Some women are paralyzed when it comes to dealing with their money, according to Molly Ward, a financial advisor who serves on the Elite Producer Group board at AXA Advisors.

The fear of dealing with their finances can make women, and even some men, make fatal financial mistakes, said Ward, who has built her Houston-based practice around helping high-net-worth women fulfill their financial potential.

“I see fatal mistakes that incredibly bright, hard-working and good-hearted women make with their finances. This is often especially true of single women, whether they are divorced, widowed or never married,” she told Financial Advisor magazine. “The biggest, most common pitfall is simply not dealing with their money at all. The fear and anxiety surrounding money for so many women can be paralyzing.”

Ward said she helps women develop a good relationship with their money.

“Whether they have a health crisis, a death or a divorce, women, and some men, can go through unnecessary suffering” trying to deal with their finances, she said. “The financial industry could do a better job of creating more friendly messaging” to relate to women.

Money and life are intertwined for everyone, she added.

“I have had clients come to me and ask if they are spending the right amount of money.

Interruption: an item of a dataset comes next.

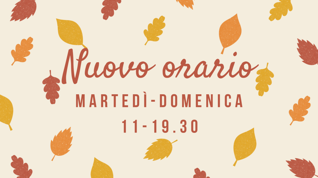 E con l’autunno cambia anche il nostro orario di apertura, saremo aperti da martedì a domenica dalle 11 alle 19.30!

One woman wanted to know if she should be an Old Navy shopper, a Nordstrom shopper or a Pink Elephant [a Houston boutique] shopper.”

Ward said guidance can help women develop a healthy relationship with their money to know how much they can and should spend and that topic opens up a conversation about all aspects of money.

“I have women clients who are concerned about a potential recession. They fear they can more easily lose their jobs during a recession or they may be afraid of investing,”

One of the mistakes women make is keeping too much money in cash or having too much tied up in a successful business. They also fail to look at other financial aspects of their lives outside of the investment portfolio.

If a client has too much money in cash, Ward said that she might advise her to do dollar-cost averaging so she is not investing everything at once.